Cecil Frank Cornwall died at the Edenhall Marie Curie Centre, 11 Lyndhurst Gardens, Hampstead (a hospice which had opened the previous year) on 26 September 1955. The death notice in the Daily Telegraph two days later was perfunctory: “dearly loved brother of Edith”. No mention of Helen, Julian or Adrianne, or of his daughter Cecil from his first marriage, all of whom were still alive. You have to wonder why not. Very strange, and rather sad as well. Helen lived on until 1981, when her death was registered in Lewes, Sussex.

There you have it, then. Cecil Frank Cornwall, a member of Richmond Chess Club in the early 1900s, was a strong amateur player, champion of Surrey, and, on seven occasions, of Brighton Chess Club, and for those achievements he deserves to be remembered. His few surviving games show him to have been an aggressive player with a talent for tactics, who could, perhaps, have scaled the heights had he chosen to do so. His life was touched by sadness in several ways, particularly between 1912 and 1922: I hope chess brought him solace as well as friendship, excitement and mental stimulation.

He was one of my predecessors in more ways than one. Let me take you on a walk along King Edward’s Grove, a road in South Teddington running between Kingston Road and Broom Road. It was briefly called Cornelius Road in the 1890s, but when it started to acquire housing in the early 1900s it was renamed in honour of the reigning monarch.

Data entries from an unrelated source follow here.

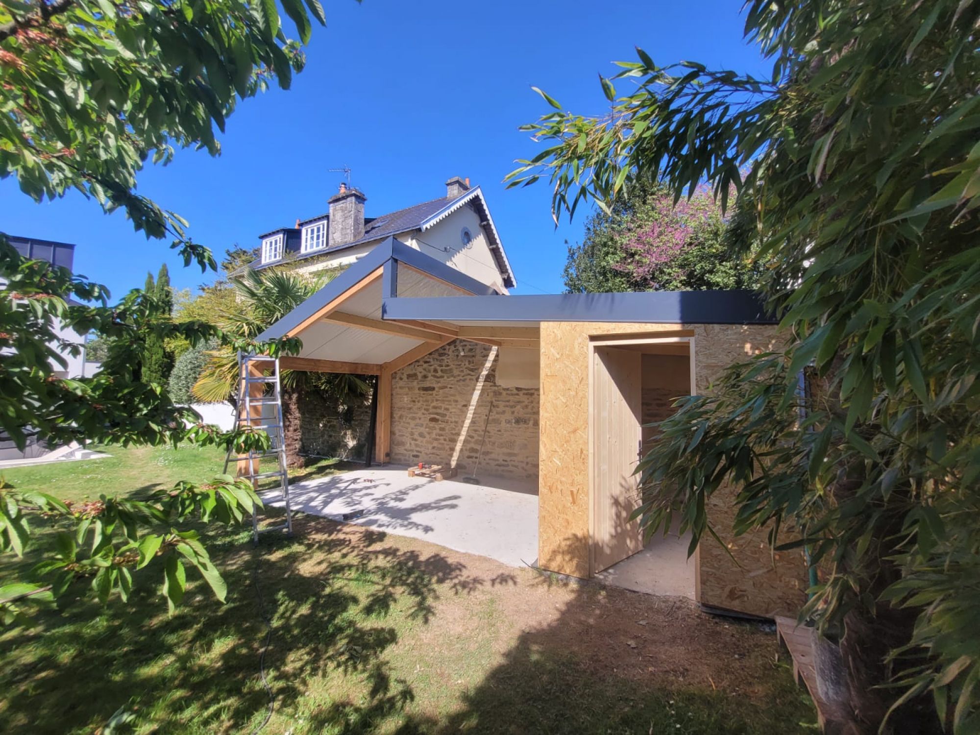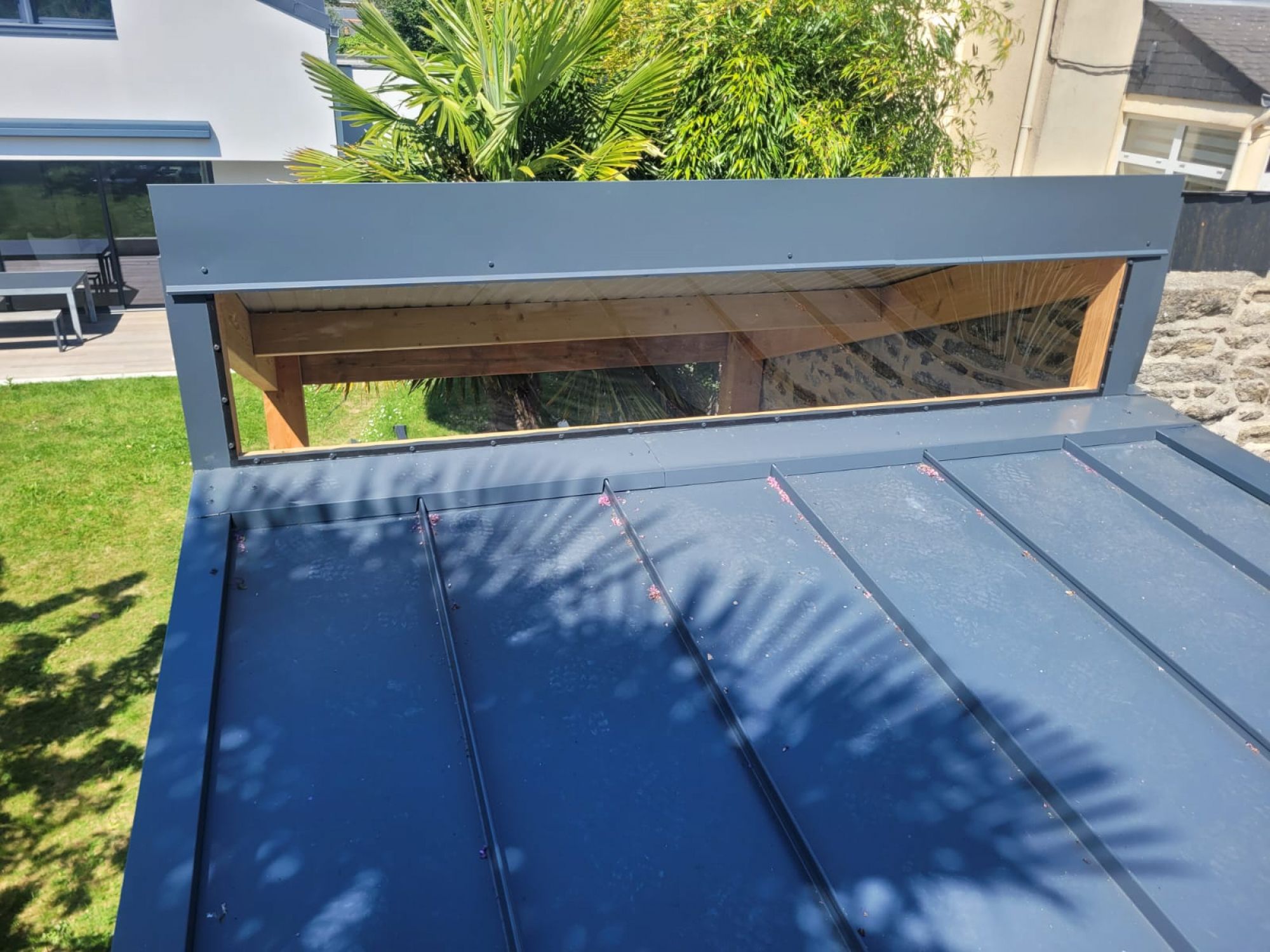 L’originalité du projet repose sur une charpente en bois sur mesure, dont la pente accompagne naturellement l’annexe voisine. Véritable élément architectural, elle structure l’espace tout en laissant entrer la lumière grâce à une fenêtre linéaire discrètement intégrée, apportant une atmosphère douce et lumineuse.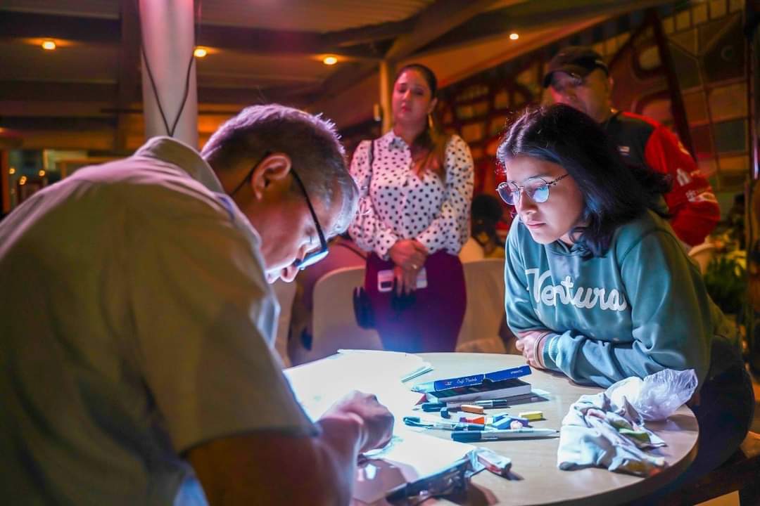 Quienes visitan la exposición encuentran, además, la gran oportunidad de ser caricaturizados, in situ y al instante, por el artista plástico Javier Macías, presente allí para que los visitantes retornen a casa con un lindo recuerdo.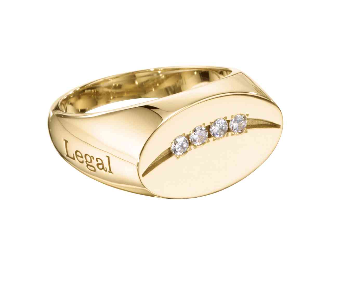 Four diamonds are set along a gentle curve that cuts across this 14 karat gold women's signet award ring. The company name is engraved into the side of the ring.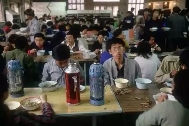 單位食堂吃飯都是人手一個海碗,洋瓷缸就去了,大鍋飯、長條凳,大家坐在一排,有說有笑。

Entering from Kingston Road, Number 1, where Violet Cornwall, as she then was, was lodging in 1921, is the first house on your left. Continuing along the road, and still in 1921, let’s knock on the door of 27 King Edward’s Grove. Whose family lives in a house like this? The answer is none other than Cecil Frank Cornwall’s Metropolitan teammate from 1905, Edward Guthlac Sergeant, who had a long and distinguished chess career which I hope to cover at some future date.  He’d only just moved in at that point, and would only stay there a couple of years. Just two doors further along is number 31, where Violet’s second husband, Archibald Gibb, was living in 1911. It’s now a care home for adults with learning difficulties and autism. On the other side of the road is number 46, where Cecil and Violet were living in 1916. Perhaps Archie across the road took a shine to Vi. Carry on right to the end of the road, to number 73 on the corner of Broom Road, turn the clock forward to 1934, and you’ll find a rather unusual household. The house is owned by the Misses Ada and Louisa Padbury, who until recently had run a ham and beef shop in nearby Bushy Park Road. Two other sisters are there: Ellen, a dressmaker, and the disreputable Florence, in the final stages of TB, along with her illegitimate children Arthur and Betty, who had been brought up by Ada and Louisa. Florence died in 1935, after which, like others in the same road, the property was converted into a boarding house. When Betty married in 1949, she and her husband remained there until they could afford their own place, and it was there that their older son would spend the first two years of his life.

That son was me, and so I followed in the footsteps of Cecil Frank Cornwall by living in King Edward’s Grove (as did Edward Guthlac Sergeant) as well as by being a member of Richmond Chess Club.

Sources:

ancestry.co.uk

findmypast.co.uk

Wikipedia

Google Maps

Brighton Chess by Brian Denman, self-published in 1994 and highly recommended if you can get hold of a copy.